Dataset section ::
#####
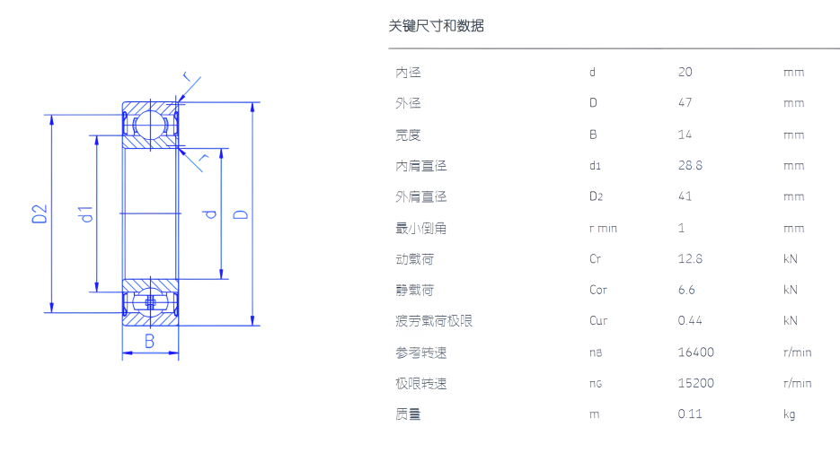 6204轴承,内径:20mm,外径:47 mm,厚度:14 mm,为深沟球轴承。
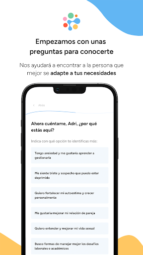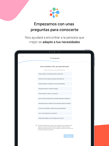 Comienza a cuidar de tu bienestar emocional y conecta con un psicólogo colegiado por videollamada desde donde y cuando quieras En Therapyside encontrarás psicólogos especializados en la gran mayoría de áreas (autoestima, ansiedad, depresión, sexualidad, terapia de pareja y coaching). Inicia tu proceso de mejora Sabemos que dar el primer paso no es fácil. Por eso, ofrecemos una primera sesión de 50 minutos sin coste, en la que podrás conocer a tu psicólogo, compartir tu situación, los objetivos que te gustaría alcanzar y resolver todas las dudas que te puedan surgir. Terapia online de calidad Para nosotros es fundamental facilitarte el acceso a una terapia de calidad. Por eso, todos los psicólogos en nuestra app están colegiados y tienen experiencia. Además, todas las comunicaciones dentro de la app, como el chat y las videollamadas, están encriptadas. Cuida de tu salud mental con un psicólogo online ¿No tienes del todo claro cómo te puede ayudar un psicólogo? Aquí te dejamos algunos ejemplos: Mejorar tu autoestima Aprender a gestionar el estrés Manejar la ansiedad Desarrollar habilidades sociales Mejorar tu relación a través de terapia de pareja Crecer personal y profesionalmente Aumentar la satisfacción con tu vida sexual Conectar con tus emociones Puedes confiar en nosotros El 92% de nuestros usuarios recomiendan Therapyside a familiares y amigos Sesiones por videollamada de 50 minutos Todos los psicólogos en Therapyside están colegiados Llevamos desde el 2016 dedicándonos a la psicologia online Te ayudamos a encontrar el mejor psicologo para ti, que te ayude a lidiar con la depresion, gestionar la ansiedad, el estrés y la baja autoestima.
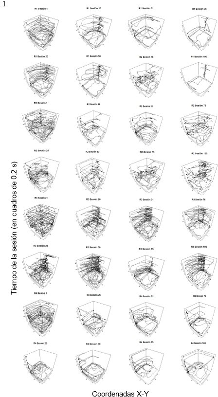 En la Figura 1 se representa la direccionalidad mediante las rutas analógicas de cada rata (cada par de renglones) en la primera y última sesión de cada fase experimental. En cada columna de gráficos se muestran las rutas correspondientes a cada fase experimental, mientras que cada par de renglones corresponden a la primera y última sesión de cada una de las ratas (es decir, primer y segundo renglón para la Rata 1, tercero y cuarto para la Rata 2, quinto y sexto para la Rata 3 y séptimo y quinto en para la Rata 4). En cada gráfico los ejes X y Y representan el plano de la caja experimental mientras que el eje Z representa el paso del tiempo de la sesión (de abajo hacia arriba). Se puede observar una mayor diversificación de las rutas en la primera fase para todas las ratas, particularmente en la primera sesión en la que el desplazamiento se distribuyó principalmente en el perímetro del espacio experimental, aunque también se observaron cruces por el resto del espacio. Conforme avanzaron las sesiones se observaron cambios en la direccionalidad del desplazamiento de las ratas, caracterizada por el hecho de que las rutas comenzaron a concentrarse en el área cercana a la pared dónde se encontraba colocado el bebedero (pared derecha en el fondo de cada gráfico), así como en las zonas adyacentes. Se puede observar que la densificación de los patrones de desplazamiento alrededor del área del bebedero y zonas adyacentes durante la mayor parte de la sesión fue más notable en las Fases 2 y 4. En las condiciones en las que estuvo vigente la presentación de un tono (Fases 1 y 3), contiguo a la entrega de agua o en alguno de los seis periodos que dividían el intervalo entre entregas de agua, el desplazamiento se diversificó por más áreas de la arena experimental, sin importar la constancia o variación del intervalo tono-agua. En casi todas las fases experimentales la rata R4 se mantuvo principalmente en una de las esquinas de la pared opuesta a la pared en la que se encontraba el dispensador de agua.
#####
What the task asks ::
Reproduce the listing exactly. Do not include its images.

Answer section ::
 6204轴承,内径:20mm,外径:47 mm,厚度:14 mm,为深沟球轴承。
 Comienza a cuidar de tu bienestar emocional y conecta con un psicólogo colegiado por videollamada desde donde y cuando quieras En Therapyside encontrarás psicólogos especializados en la gran mayoría de áreas (autoestima, ansiedad, depresión, sexualidad, terapia de pareja y coaching). Inicia tu proceso de mejora Sabemos que dar el primer paso no es fácil. Por eso, ofrecemos una primera sesión de 50 minutos sin coste, en la que podrás conocer a tu psicólogo, compartir tu situación, los objetivos que te gustaría alcanzar y resolver todas las dudas que te puedan surgir. Terapia online de calidad Para nosotros es fundamental facilitarte el acceso a una terapia de calidad. Por eso, todos los psicólogos en nuestra app están colegiados y tienen experiencia. Además, todas las comunicaciones dentro de la app, como el chat y las videollamadas, están encriptadas. Cuida de tu salud mental con un psicólogo online ¿No tienes del todo claro cómo te puede ayudar un psicólogo? Aquí te dejamos algunos ejemplos: Mejorar tu autoestima Aprender a gestionar el estrés Manejar la ansiedad Desarrollar habilidades sociales Mejorar tu relación a través de terapia de pareja Crecer personal y profesionalmente Aumentar la satisfacción con tu vida sexual Conectar con tus emociones Puedes confiar en nosotros El 92% de nuestros usuarios recomiendan Therapyside a familiares y amigos Sesiones por videollamada de 50 minutos Todos los psicólogos en Therapyside están colegiados Llevamos desde el 2016 dedicándonos a la psicologia online Te ayudamos a encontrar el mejor psicologo para ti, que te ayude a lidiar con la depresion, gestionar la ansiedad, el estrés y la baja autoestima.
 En la Figura 1 se representa la direccionalidad mediante las rutas analógicas de cada rata (cada par de renglones) en la primera y última sesión de cada fase experimental. En cada columna de gráficos se muestran las rutas correspondientes a cada fase experimental, mientras que cada par de renglones corresponden a la primera y última sesión de cada una de las ratas (es decir, primer y segundo renglón para la Rata 1, tercero y cuarto para la Rata 2, quinto y sexto para la Rata 3 y séptimo y quinto en para la Rata 4). En cada gráfico los ejes X y Y representan el plano de la caja experimental mientras que el eje Z representa el paso del tiempo de la sesión (de abajo hacia arriba). Se puede observar una mayor diversificación de las rutas en la primera fase para todas las ratas, particularmente en la primera sesión en la que el desplazamiento se distribuyó principalmente en el perímetro del espacio experimental, aunque también se observaron cruces por el resto del espacio. Conforme avanzaron las sesiones se observaron cambios en la direccionalidad del desplazamiento de las ratas, caracterizada por el hecho de que las rutas comenzaron a concentrarse en el área cercana a la pared dónde se encontraba colocado el bebedero (pared derecha en el fondo de cada gráfico), así como en las zonas adyacentes. Se puede observar que la densificación de los patrones de desplazamiento alrededor del área del bebedero y zonas adyacentes durante la mayor parte de la sesión fue más notable en las Fases 2 y 4. En las condiciones en las que estuvo vigente la presentación de un tono (Fases 1 y 3), contiguo a la entrega de agua o en alguno de los seis periodos que dividían el intervalo entre entregas de agua, el desplazamiento se diversificó por más áreas de la arena experimental, sin importar la constancia o variación del intervalo tono-agua. En casi todas las fases experimentales la rata R4 se mantuvo principalmente en una de las esquinas de la pared opuesta a la pared en la que se encontraba el dispensador de agua.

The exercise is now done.